H2O...does yours have the free swinging guides too?? What can you tell me about it?


----------



## H2OMARK (Oct 2, 2007)

Yes, but I'm in the same boat as you, I googled it and found this link but other this, I had no clue as to the why on the guides. Mine is a 3 section, octagonal (may be six sided, I can't really remember right now without looking at it) rod with swinging eyes and metal reel seat, couplers and cap. I have been told not to use any type of pledge or polish on it b/c of drying the inside of the bamboo out.

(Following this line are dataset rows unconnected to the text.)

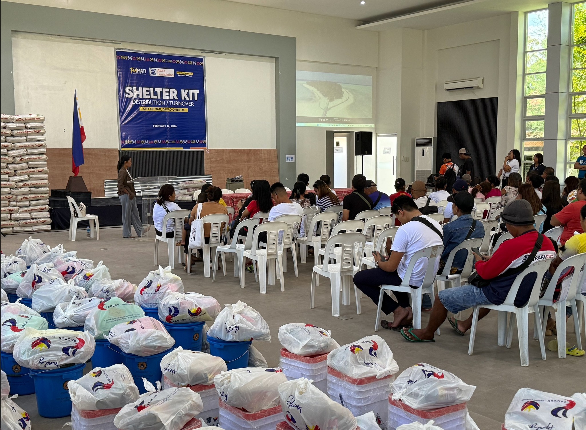 In Mati City, Ayala Foundation distributed 80 shelter kits to families affected by recent earthquake, typhoon, and fire incidents.
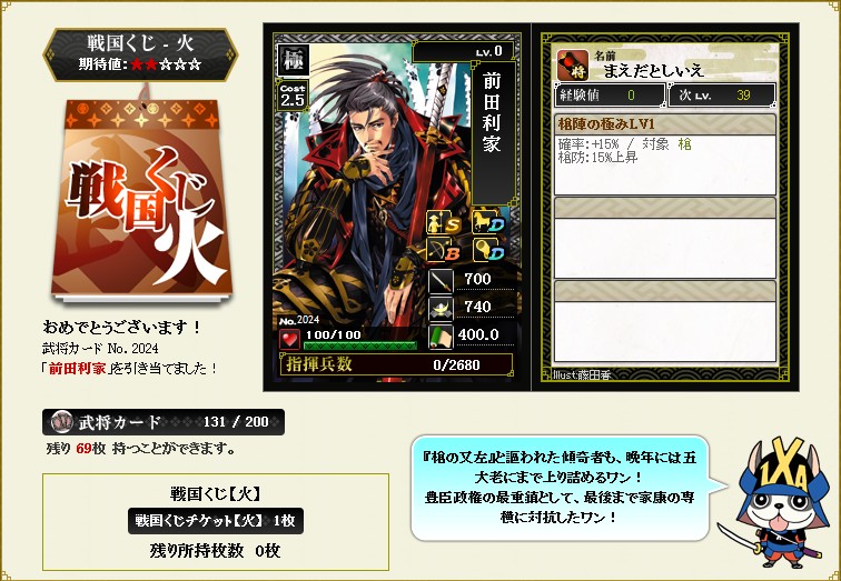 ただ、極利家は10日ほど前に炎チケで手に入れたのですがw
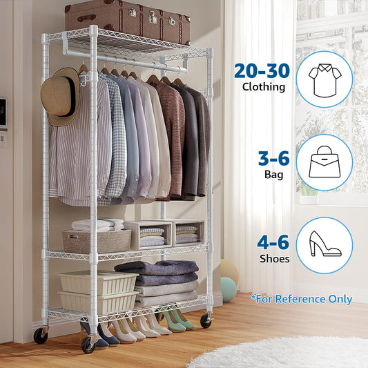 Heavy Duty Rolling Garment Rack 3 Tiers Adjustable Wire Shelving Clothes Rack with 2 Rods and Side Hooks,Storage Closet Clothing Rack with Wheels White 15.7" D x 29.5" W x 74.5" H
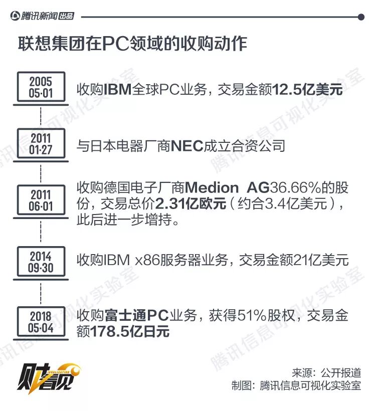 事实上,并购一直是联想扩大市场份额的重要手段之一。近几年,联想在PC业务领域的收购动作频频,其中包括IBM的全球PC业务、与日本电脑集团NEC成立合资公司,收购德国消费电子公司Medion等。
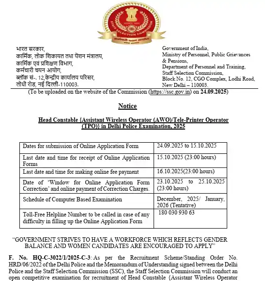 SSC Delhi Police Head Constable Recruitment 2025: SSC हर दिन युवाओं के लिए नई – नई भर्तियों की खुशखबरी लेकर आ रहा है। आपको बता दें कि Constable (Govt), Constable (Driver) की भर्तियाँ पहले ही शुरू हो गई हैं और अब कर्मचारी चयन आयोग (SSC) ने 24 सितंबर 2025 को दिल्ली पुलिस में हेड कांस्टेबल (Assistant Wi-fi Operator – AWO / Tele-Printer Operator – TPO) की भर्ती के लिए भी अधिसूचना जारी कर दी है। इस अधिसूचना में दिल्ली पुलिस ने पुरुष और महिला दोनों के लिए कुल 552 पदों पर भर्ती निकली है।
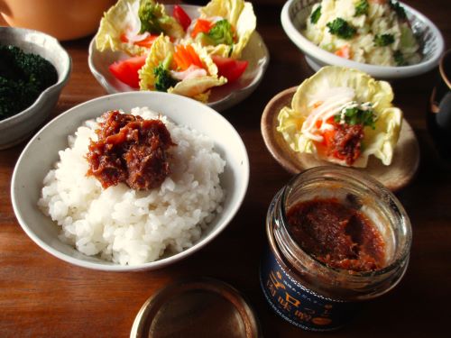 沖縄県産の豚肉、味噌、黒糖など沖縄素材にこだわった「肉味噌」です。ゴロっとした肉が入っているので食べ応え抜群です。「プレーン」は、沖縄では油みそ(あんだんすー)と言って定番の家庭料理として昔からご飯のお供として親しまれています。あんだんすーとは沖縄の方言で「あんだ」が「油」、「んすー(みすー)」が「みそ」という意味です。シンプルな材料で時間をかけて、ひとつひとつ丁寧に手作りしています。
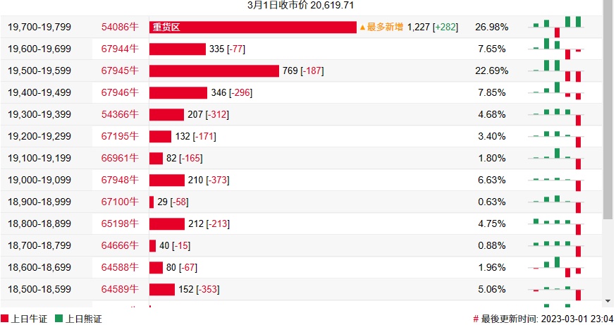 牛证街货重货区在19700-19799区间,该区间最新牛证数量为1227张,较上一交易日增加282张;最多新增在同一区间。
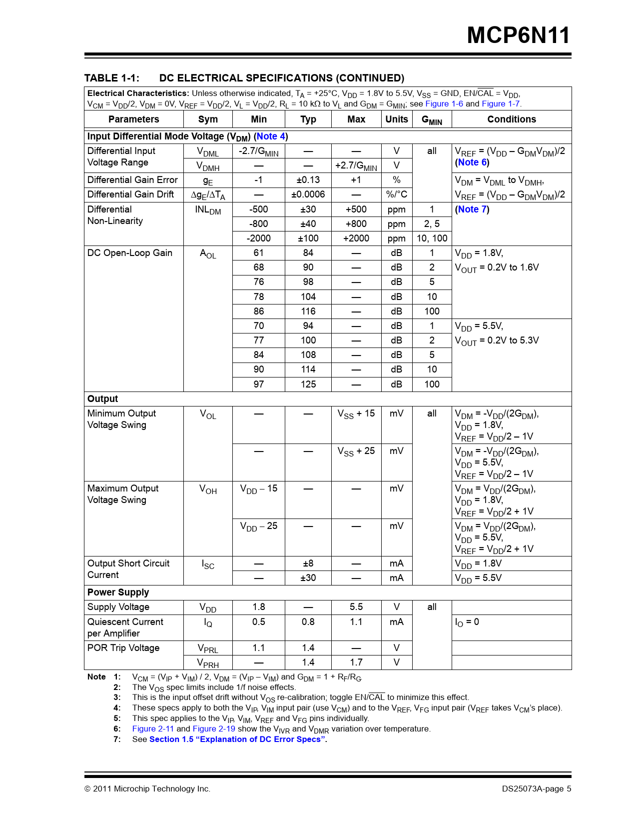 MCP6N11 TABLE 1-1: DC ELECTRICAL SPECIFICATIONS (CONTINUED) Electrical Characteristics:
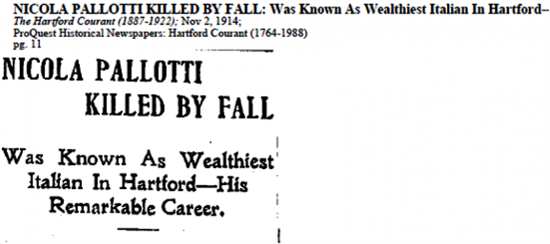 The Nicola Pallotti family was, according to a 1915 Courant article, the third Italian family to arrive in Hartford, the first two, always according to the same article, being the Garibaldi and Brancieri ( spelled Bracieri in the article). Nicola died in 1914 and was then the richest Italian in Hartford and one of its wealthiest overall. His son Francis became a well known judge
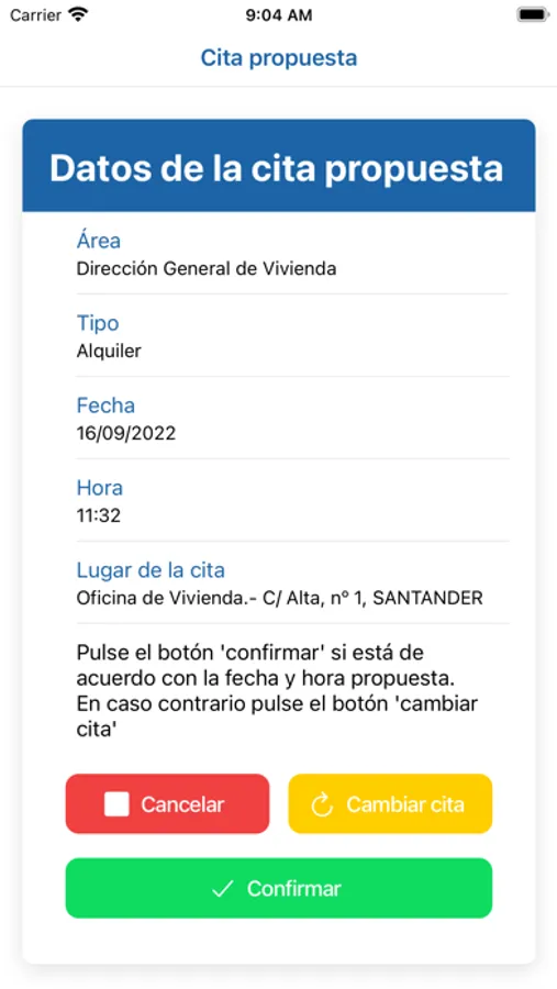 Aplicación oficial del Gobierno de Cantabria que te permitirá solicitar, consultar y anular citas para ser atendido presencialmente en algunas de nuestras oficinas de atención al ciudadano. gracias a esa app, cada ciudadano podrá realizar de forma muy cómoda la reserva de la cita previa para la que desee ser atendido, así como anular una cita si así lo desea.
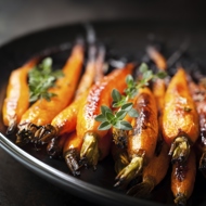Roasted young carrots with orange juice and ginger
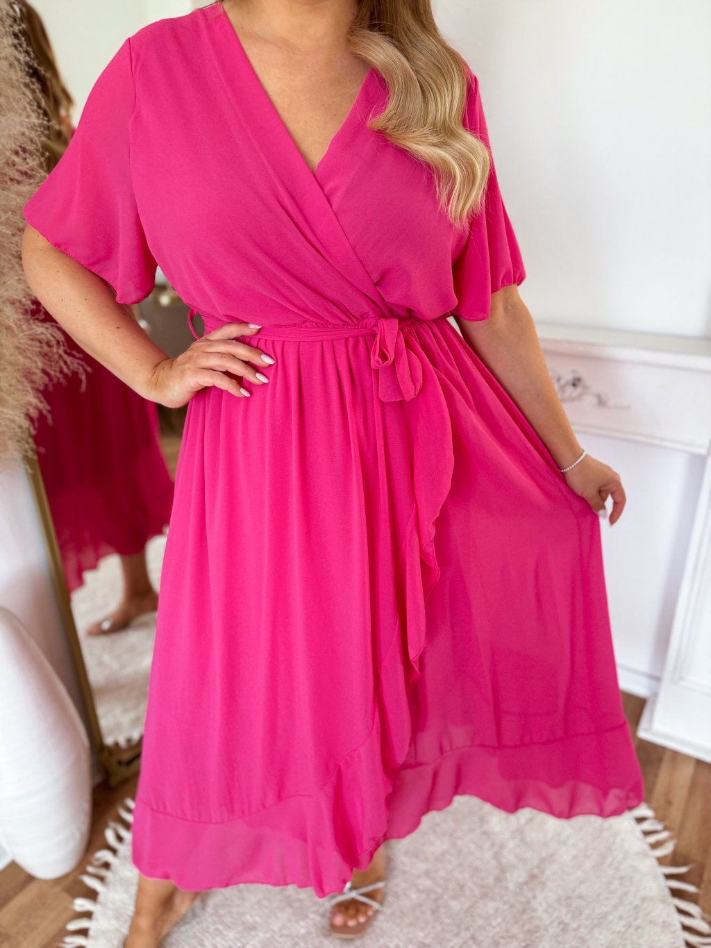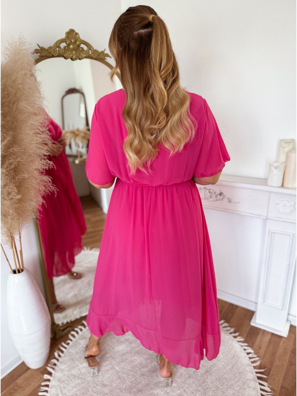 Elegantní dámské šaty s krátkým rukávem a volnou sukní. Šaty mají volný střih a v pase jsou obšité gumičkou. Modelka měří 168 cm a má na sobě velikost XL/XXL.
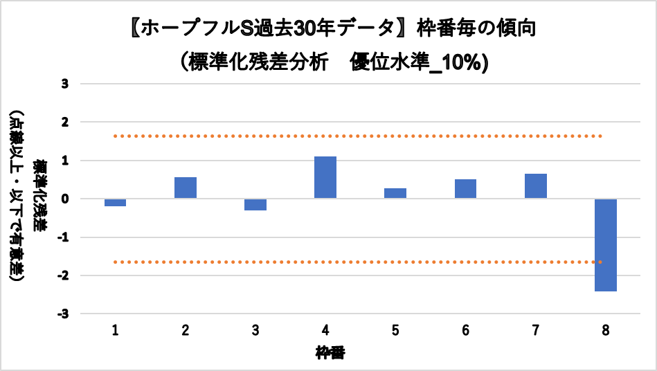 3着内率グラフと統計処理(標準残差分析)グラフの2つを掲載しています。
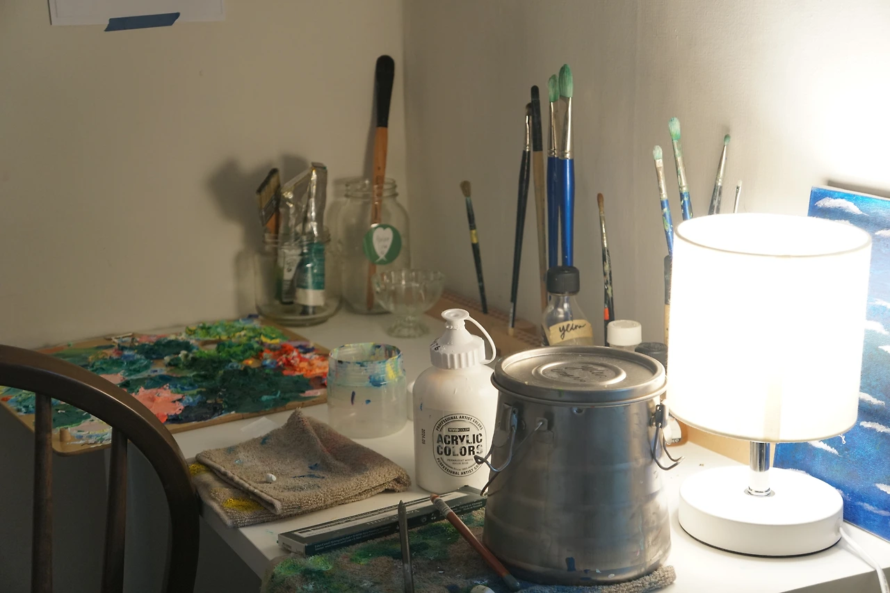 아뜰리에 리베는 학창 시절부터 꿈꿔온 이상적인 작업실이에요. 학교에서는 반 친구들과 작업실을 공유했는데, 정말 비좁고 자리를 두고 신경전도 벌어졌죠. 혼자 조용히 작업하고 싶어도 주변에 사람들이 있어서 온전히 집중하기 어려웠어요.
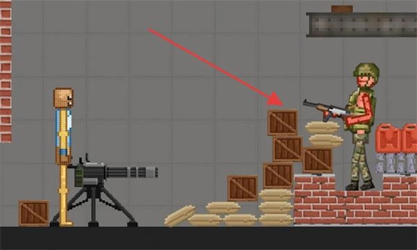 2、引导角色,借助箭头指向的木箱,搭建掩体或路径,应对持枪敌人。
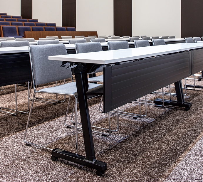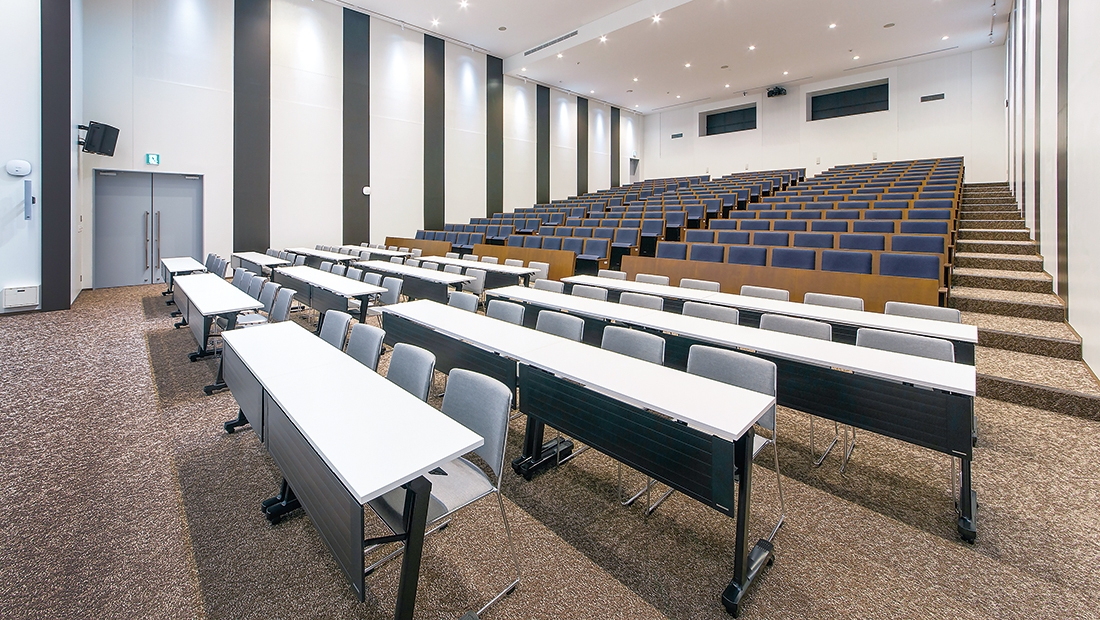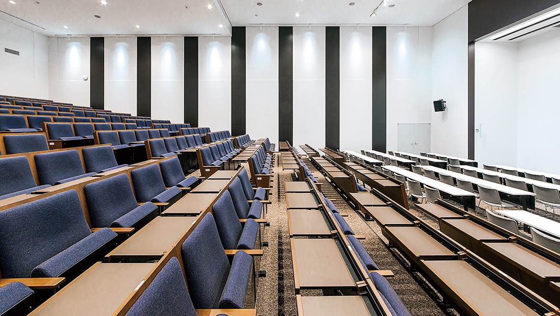 記念講堂/固定席:ATS-1561DR-BTN、可動イス:ジーン、可動テーブル:アコルサ

http://rodbuilding.org/read.php?2,153119,153140


----------



## Billybob+ (Jul 12, 2011)

I collect many of those old bamboo rods. I have several of them. typically the mark would be a label just above the reel seat. Often they came with two tips and some of the Japanese made ones would have a reversible reel seat that you could use it three piece as a flyrod or turn around the reel seat and use it two piece as a spinning rod. The thread was typically silk and many of them would develop curves from improper storage or use.

as for the value it varies GREATLY with the maker. I have some similar to yours that I've picked up for as little as $20 on ebay and I've seen some WITH THE RIGHT MAKER'S MARK go for into the thousands! ebat "split bamboo rod" and you'll get a ga-gillion hits to see for yourself


----------



## off route II (Sep 28, 2007)

Want to sell it by any chance.


----------